柳璨进一步深刻地认识到,工厂、工业、工业生产活动对人类抵抗灾害的重要支撑。
然而光有工业能力,显然也是不行的。
他其实悄悄地算过一笔账,按照江淮省、山东省、江东省的生产能力,几个发达城市的产能,足够保证平稳渡过“中央核心区”的饥馑。
偏偏没有。
工业产出在最后一步,分配的过程中,出现了重大偏差。
为什么?
柳璨懂的。
他少年时代并没有沾到柳公权的光,他祖父柳公器跟柳公权,也只是族兄弟,差了很远。
发迹之后,不管是有意无意,柳公权的光环加持,让他享受到了“河东柳氏”的便利。
以至于,差点忘记自己原来不是柳公权的子孙,倘若没有发迹,他大抵上,就跟江淮省的那些灾民,其实是差不多的。
谁敢说那里没有“扬州魏氏”之后呢?说不定魏征的直系传人就在其中。
高门大户,早晚也是要分个高下,分个贵贱的。
什么时候开始,自己竟然以高贵自居?
柳璨心中是非常羞愧的,但是看到安仁县这小小的地方,竟然蓬勃发展,顽强地创造出来各种简陋的工厂,他竟是极为的高兴。

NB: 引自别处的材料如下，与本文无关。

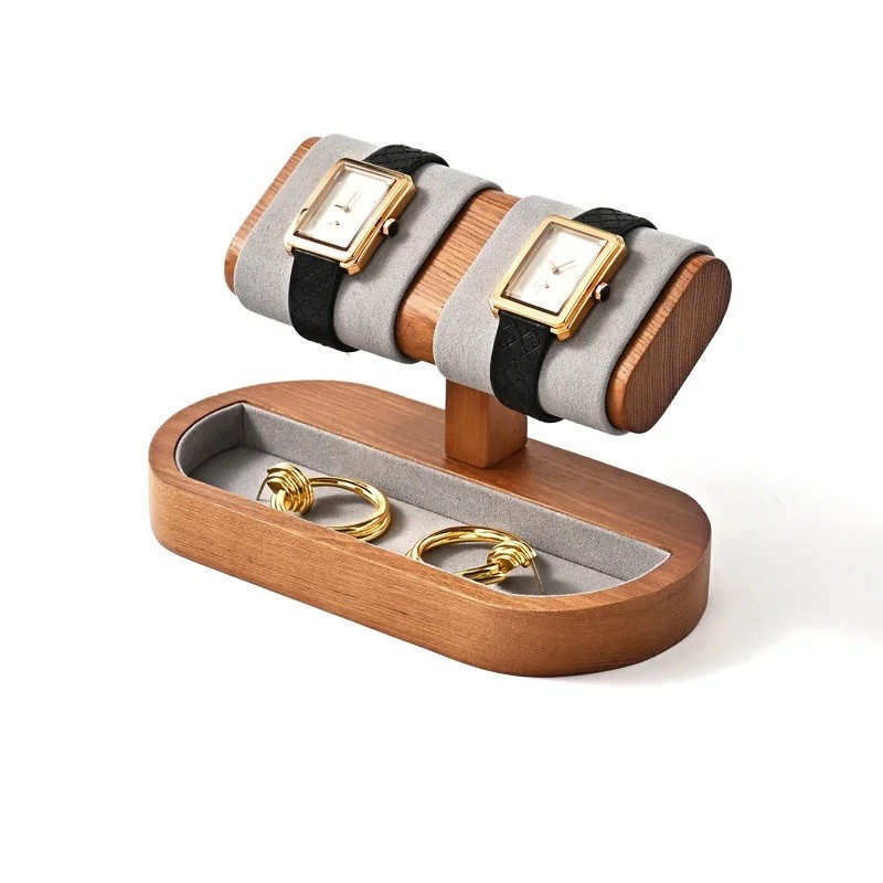 Este soporte está diseñado para un almacenamiento ordenado de dos relojes de pulsera y pequeñas joyas en un solo lugar. La construcción combina soporte de madera, dos almohadillas de cuero sintético para exhibir los relojes y un espacio de almacenamiento inferior para pequeños accesorios.

唯独有些遗憾的,大概就是当初应该稍稍地把长沙的优质装备,截留一些下来,如此的话,王角也要省力的多吧?
这个年轻人,可以的。
“他们这里的冲压车间,还是太原始了一些,像样一点的钢材都甲供不了。”
“听说在大鲤鱼水库那里,还有一个冲压车间,是南昌人在管着。”
“‘靖难军’只怕也没有留下什么来。”
这光景,都已经就差把自立写在脸上的冯复,怎么可能放过那些重型设备?
装配工业就是先进军械持续生产能力的保障。
甚至在一定环境下,比人员的重要性还要高得多。
整个帝国有多少重要装备,四大工业部都是有编号的,在以前,连个零配件都别想流落海外。
帝国镇压反抗者的绝对优势,这就是其中之一。
然而现在,均衡被打破了。
“今年朝廷财政只要没有明显的改善,‘多点开花’就是必然。”
“多点开花?”
“军备大规模生产,估计只要是工业强省,都会玩出几套新花样来。不过,这或许对‘劳人党’来说,也是好事。”